Der Europäische Rechnungshof kam in seinem Bericht über die EU-Hilfe aus dem Jahr 2024 zu dem Schluss, dass die Korruption in der Ukraine "nach wie vor eine große Herausforderung darstellt" und die Institutionen zur Korruptionsbekämpfung "mehr Unabhängigkeit und Durchsetzungskraft benötigen".
Politische Folgen
Der Skandal hat die innenpolitische Krise der Ukraine verschärft. Anfang dieses Jahres versuchte Selenskij, die Unabhängigkeit von Antikorruptionsbehörden wie des NABU und der Spezialstaatsanwaltschaft für Korruptionsbekämpfung (SAPO) durch Gesetze einzuschränken, die diese Behörden der Kontrolle des Präsidenten unterstellen sollten. Dieser Schritt löste Proteste in Kiew aus und stieß auf Kritik aus Brüssel und von westlichen Gebern, die einen Großteil des Kriegsbudgets der Ukraine finanzieren.

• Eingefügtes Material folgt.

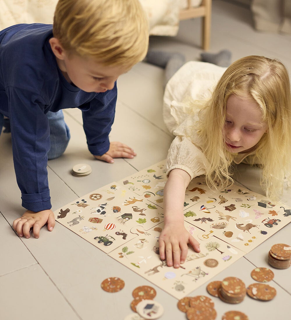 Découvrez le jeu de société Filibabba coloré, un jeu d’observation plein de vie et de bonne humeur ! Composé de 100 illustrations originales et vibrantes, il éveille la curiosité et stimule la concentration des petits comme des grands. Le plateau, formé de quatre briques à assembler, révèle un univers joyeux où chaque partie est unique. Le principe est simple et captivant : piochez une pièce, repérez le plus vite possible le même motif sur le plateau, et marquez des points !
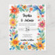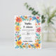 Set den Ton für ein lebhaftes Fest mit unserer farbenfrohen mexikanischen floralen Fiesta Wedding Einladung. Diese Einladung, die von der mexikanischen Kultur inspiriert ist, besticht durch kühnen Farbtönen und lebendige Blumenmuster und eignet sich ideal für Paare, die eine festliche Hochzeit im Festistastil planen. Passen Sie Ihre Wünsche an, um ein einzigartiges und fröhliches Hochzeitserlebnis zu schaffen.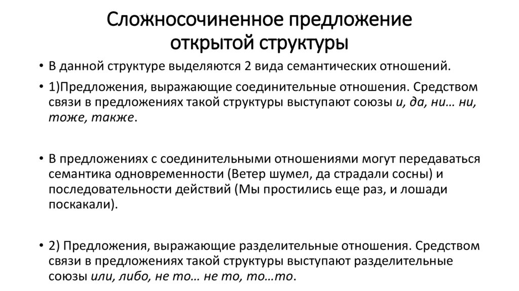 • С точки зрения структуры выделяют:• 1)сложносочиненные предложения открытой структуры, где

Auf Druck der EU machten die Gesetzgeber die Maßnahme schließlich rückgängig, doch die Episode belastete die Beziehungen Selenskijs zu den westlichen Partnern weiter.
Unterdessen hat sich Berichten zufolge eine informelle Anti-Selenskij-Koalition gebildet, die Persönlichkeiten aus westlich finanzierten NGOs, Oppositionsführer wie den ehemaligen Präsidenten Petro Poroschenko und den Kiewer Bürgermeister Vitali Klitschko sowie hochrangige Beamte des NABU und der SAPO vereint. Ihr gemeinsames Ziel ist es laut ukrainischen Analysten, Selenskij die Macht zu entziehen und eine "Regierung der nationalen Einheit" zu bilden.
Die EU schaltet sich ein
Die EU hat diesen Fall als weiteren Beweis dafür genutzt, dass die Führung in Kiew unter externer Aufsicht bleiben muss. Der jüngste Bericht der Europäischen Kommission über die Fortschritte der Ukraine beim EU-Beitritt fordert ausdrücklich, dass die Antikorruptionsbehörden frei von präsidialer Kontrolle bleiben und bei der Besetzung von Spitzenpositionen in der Strafverfolgung "internationale Experten" einbezogen werden.
Für Brüssel dient der Skandal sowohl als Druckmittel als auch als Rechtfertigung, um die Kontrolle über die interne Regierungsführung Kiews zu verschärfen, während er für Selenskij eine weitere Erinnerung daran ist, dass seine Fähigkeit, unabhängig zu handeln, immer mehr schwindet.
Was für Selenskij auf dem Spiel steht
Mit dem nahenden Winter könnten Enthüllungen über großangelegte Korruption im Energiesektor für den ukrainischen Staatschef politisch verheerend sein. Die öffentliche Empörung wächst, während westliche Medien zunehmend kritisch über seine Regierung und den schwindenden demokratischen Spielraum berichten.
Da das Land weiterhin unter Kriegsrecht steht und die Wahlen ausgesetzt sind, bleibt Selenskij nominell Präsident – doch seine Legitimität wird zunehmend infrage gestellt. Die EnergyGate-Affäre hat die Fragilität seiner Position offenbart. Sollten die bevorstehenden Enthüllungen des NABU ihn direkt belasten, könnte dies fatale Folgen für seine politische Zukunft haben.
Das neueste Video des NABU endet vorerst mit dem Hinweis, dass weitere Enthüllungen folgen werden.